Aleksandar Milenković, M.A.

Project title: Concepts of visual perception in Greek scientific thought from the 5th century BC to the 2nd century AD

Supervisor: Prof. Dr. Jochen Althoff, Prof. Dr. Tanja Pommerening

Dissertation project:

The connection between humans and nature is filled with concepts never fully explored. Using their senses, humans have always sought to quench the thirst of understanding as many aspects of the surrounding nature as possible. The sense of sight has long been perceived as one of the dominant senses, and as such, it was a rather common topic of interest for early Greek thinkers. The scope of this interest is documented in both philosophical and medical writings from the 5th century BC onwards. In order to gain a more comprehensive notion of the human body in this context, one must, with equal diligence, turn to both philosophical and medical sources. The former offer theories of how the human body functions, while the latter describe ailments that hinder such functioning, as well as their consequences.
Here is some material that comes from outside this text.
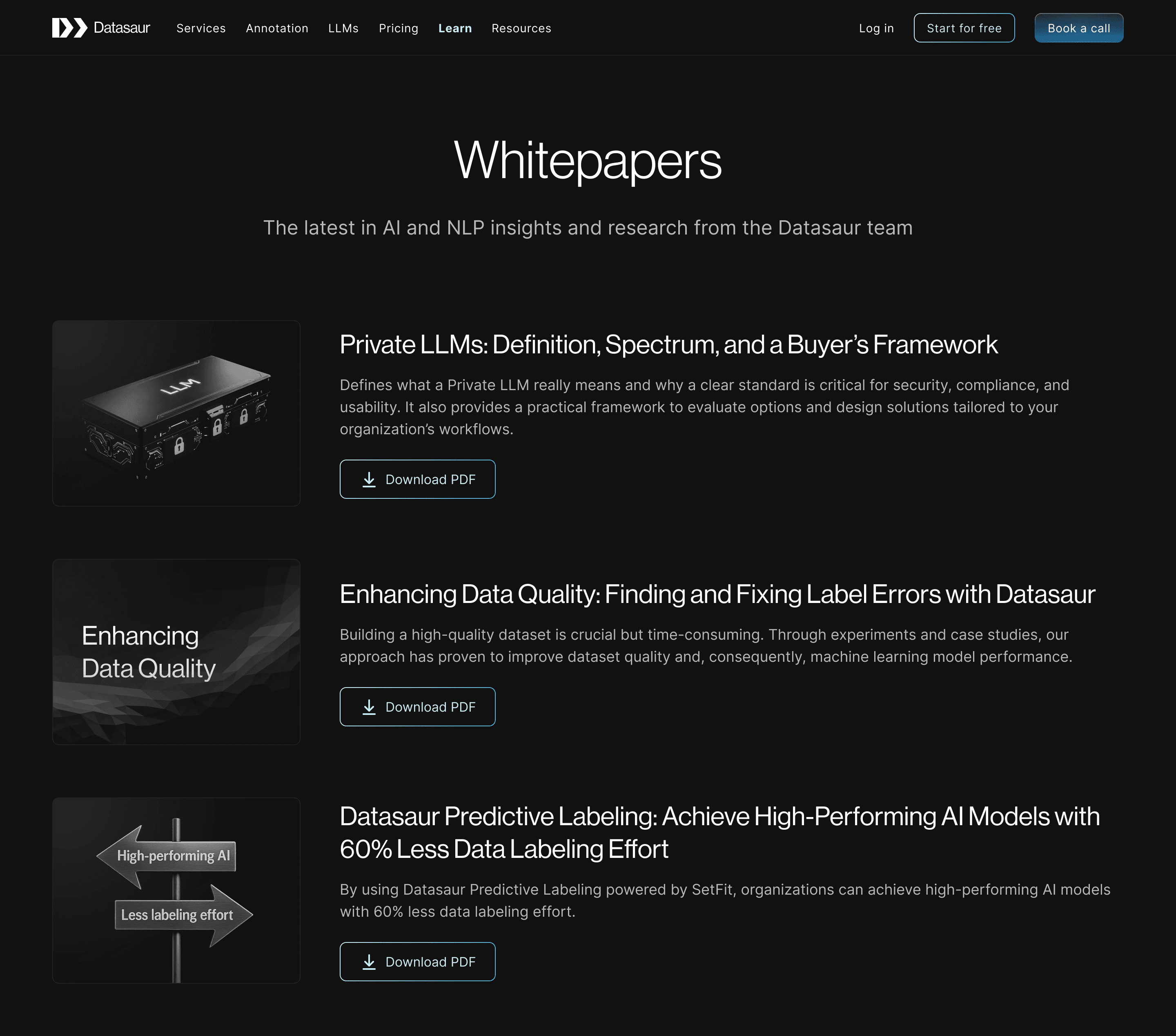 In mid-2024, Datasaur evolved from its playful dinosaur branding to a more refined visual identity; introducing a new logo, color palette, and tone aimed at establishing a more professional presence. This shift impacted nearly every visual touchpoint, especially the company website, which serves as its public face. I led the rollout of these brand updates across the organization, starting with a full revamp of the website to align with the new direction.

It is precisely these theories that form the main subject of the present study, focusing on different textual accounts of the visual organ, together with its functions and the overall process of visual perception. After looking into main source materials many questions arise, and they can be divided into three main inquiries: How did philosophers and physicians describe the structure of the visual organ, how did they illustrate its mechanisms, and how did they explain the overall process of seeing?

Answers to these questions are to be found in various philosophical and medical sources from the 5th century BC to the 2nd century AD, marking two crucial periods in the history of science – the early philosophers of nature and medical literature of the Roman physician Galen. Between them, significant material can be examined in the works of Plato, Aristotle and Theophrastus, as well as in certain treatises of the Corpus Hippocraticum.

In order to gain a deeper insight, lexical analysis of other literary genres will be included as a form of contrast. It will be significant to see how vision-based terminology differs among genres. These sources will be both diachronically and synchronically analysed in the light of my research questions and their respective contexts.

Taking into account different doctrines during a time span of several centuries, as well as correlations with other cultures (as much as such task is possible) the aim of this study is to offer a comprehensive examination of visual perception theories, and moreover attempt to reconstruct concepts on which these theories are based, as well as to investigate which of those concepts are universal, specific or interchanged among different cultures.